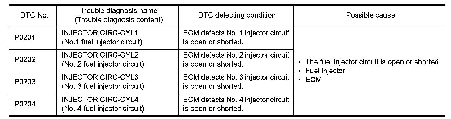 P0201, P0202, P0203, P0204 FUEL INJECTOR
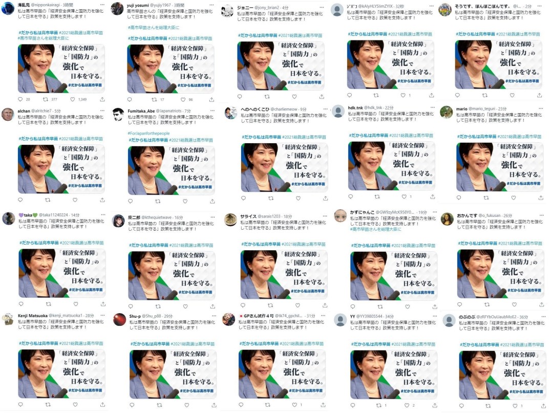 日本社交媒体平台充斥如“当然只能支持高市早苗”“高市早苗拜托了”等内容相似的帖文。
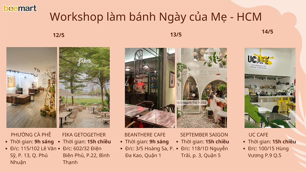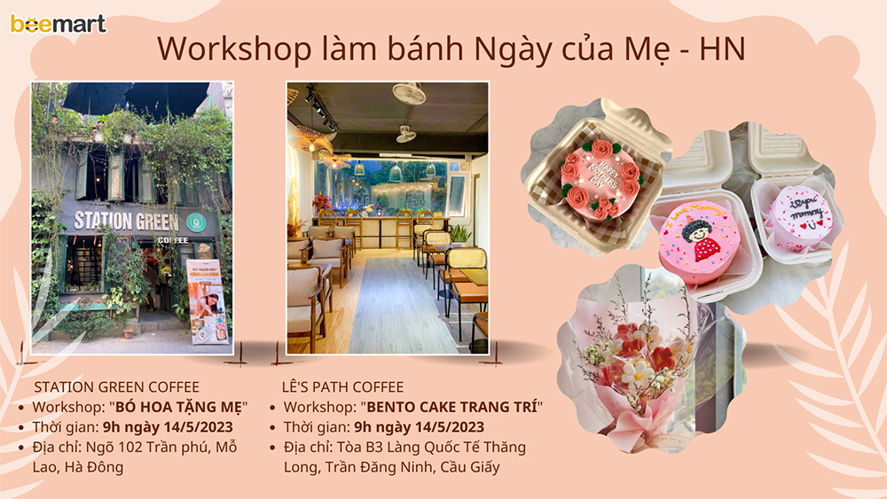Để kỷ niệm ngày của mẹ, nhiều kế hoạch, hoạt động ý nghĩa đã được lên ý tưởng và thực hiện, một trong số đó là cùng mẹ tham gia các buổi workshop làm bánh. Hoạt động làm bánh cùng mẹ tại các buổi workshop có thể giúp chúng ta dành thời gian nhiều hơn cùng mẹ, gần gũi với mẹ hơn và tạo nên nhiều kỷ niệm cùng mẹ vào dịp đặc biệt trong năm dành cho người phụ nữ vĩ đại của chúng ta. Hiểu được mong muốn và nhu cầu của bạn, chúng mình đã kết hợp với các quán cà phê chill nhất và gần bạn nhất cùng tổ chức các buổi workshop làm bánh hấp dẫn nhân ngày của mẹ vào cuối tuần này. Cùng Bee tìm hiểu thêm thông tin và lựa chọn địa điểm bạn yêu thích nhất nhé!
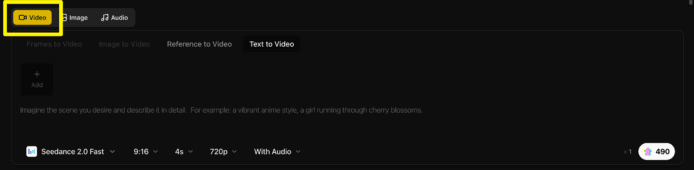 不過用家需要特別留意其 Credit 機制,免費用戶通常只有 500 Credit 的初始額度,而使用 Seedance 2.0 Fast 生成一段 720P 的 5 秒影片就需要消耗 495 Credit。 生成前請務必檢查比例(如 9:16 或 16:9)是否設定正確,以免浪費唯一機會。

**Work task:** Print the listing again exactly, please. Keep the pictures out of it.

**Response:**
 P0201, P0202, P0203, P0204 FUEL INJECTOR
 日本社交媒体平台充斥如“当然只能支持高市早苗”“高市早苗拜托了”等内容相似的帖文。
Để kỷ niệm ngày của mẹ, nhiều kế hoạch, hoạt động ý nghĩa đã được lên ý tưởng và thực hiện, một trong số đó là cùng mẹ tham gia các buổi workshop làm bánh. Hoạt động làm bánh cùng mẹ tại các buổi workshop có thể giúp chúng ta dành thời gian nhiều hơn cùng mẹ, gần gũi với mẹ hơn và tạo nên nhiều kỷ niệm cùng mẹ vào dịp đặc biệt trong năm dành cho người phụ nữ vĩ đại của chúng ta. Hiểu được mong muốn và nhu cầu của bạn, chúng mình đã kết hợp với các quán cà phê chill nhất và gần bạn nhất cùng tổ chức các buổi workshop làm bánh hấp dẫn nhân ngày của mẹ vào cuối tuần này. Cùng Bee tìm hiểu thêm thông tin và lựa chọn địa điểm bạn yêu thích nhất nhé!
 不過用家需要特別留意其 Credit 機制,免費用戶通常只有 500 Credit 的初始額度,而使用 Seedance 2.0 Fast 生成一段 720P 的 5 秒影片就需要消耗 495 Credit。 生成前請務必檢查比例(如 9:16 或 16:9)是否設定正確,以免浪費唯一機會。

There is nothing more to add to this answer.